Curated, not crawled: the author adds one line to archive/manifest.yaml
and the build fetches, hashes, snapshots, and indexes the work.

* archive/manifest.yaml + tools/archive.py (fetch / refresh / wayback /
  check / gc) — PDFs downloaded directly, HTML pages snapshotted with a
  vendored monolith (tools/bin/monolith @ 2.10.1) into a single
  self-contained file with the archive CSP and a noarchive robots meta
  injected.
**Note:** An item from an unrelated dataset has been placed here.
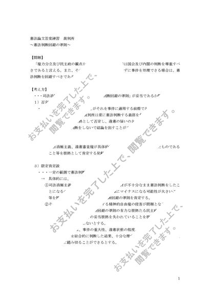 憲法論文答案練習裁判所 憲法判断回避の準則
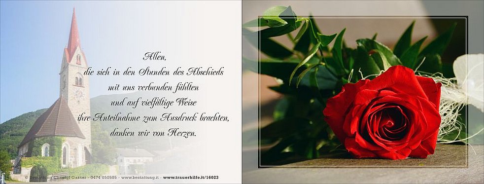 Ein besonderer Dank gilt dem Hausarzt Dr. Letterio Taormina, den Sprengelschwestern, allen vom Hauspflegedienst, dem Team der Abteilung Chirurgie und Medizin am Krankenhaus Bruneck sowie dem gesamten Personal vom 2. Wohnbereich des Wohn- und Pflegeheimes Olang für die liebevolle Begleitung.

Per-entry PROVENANCE.json committed; gitignored .txt
  sidecars regenerated from the artifact's SHA-256.
* build/Archive.hs + build/ArchiveIndex.hs + build/Filters/Archive.hs
  — Hakyll rules for /archive/ and /archive/<slug>/, a body Pandoc
  filter that appends an archive affordance to live citations and
  flips dead ones to the local copy on archive.py check's asymmetric
  hysteresis (rotted needs 3 fails over >= 14 days; one ok recovers).
* build/Backlinks.hs — keeps archived external URLs through pass 1 and
  canonicalises them to /archive/<slug>/ in pass 2, producing a
  "Referenced by" section grouped by the fragment each citation
  targets. build/Stats.hs gains a "Link archive" telemetry block on
  /build/ (count, total size, median age, by-status / by-quality /
  by-visibility, orphans).
* Integrity: archive.py fetch and build/Archive.hs (via sha256sum)
  both re-hash every committed artifact, so a tampered file halts the
  build even with cabal invoked directly or no .venv present. refresh
  refuses to replace an uncommitted prior snapshot and rolls back
  atomically on any exit path. removed.yaml is honoured by fetch,
  wayback, and check using canonical-form (tracking-stripped,
  arXiv-canonicalised) comparison.
* visibility: private keeps an entry in-repo but undeployed.
  nginx/archive.conf emits X-Robots-Tag: noindex, noarchive for raw
  artifacts that cannot carry meta directives.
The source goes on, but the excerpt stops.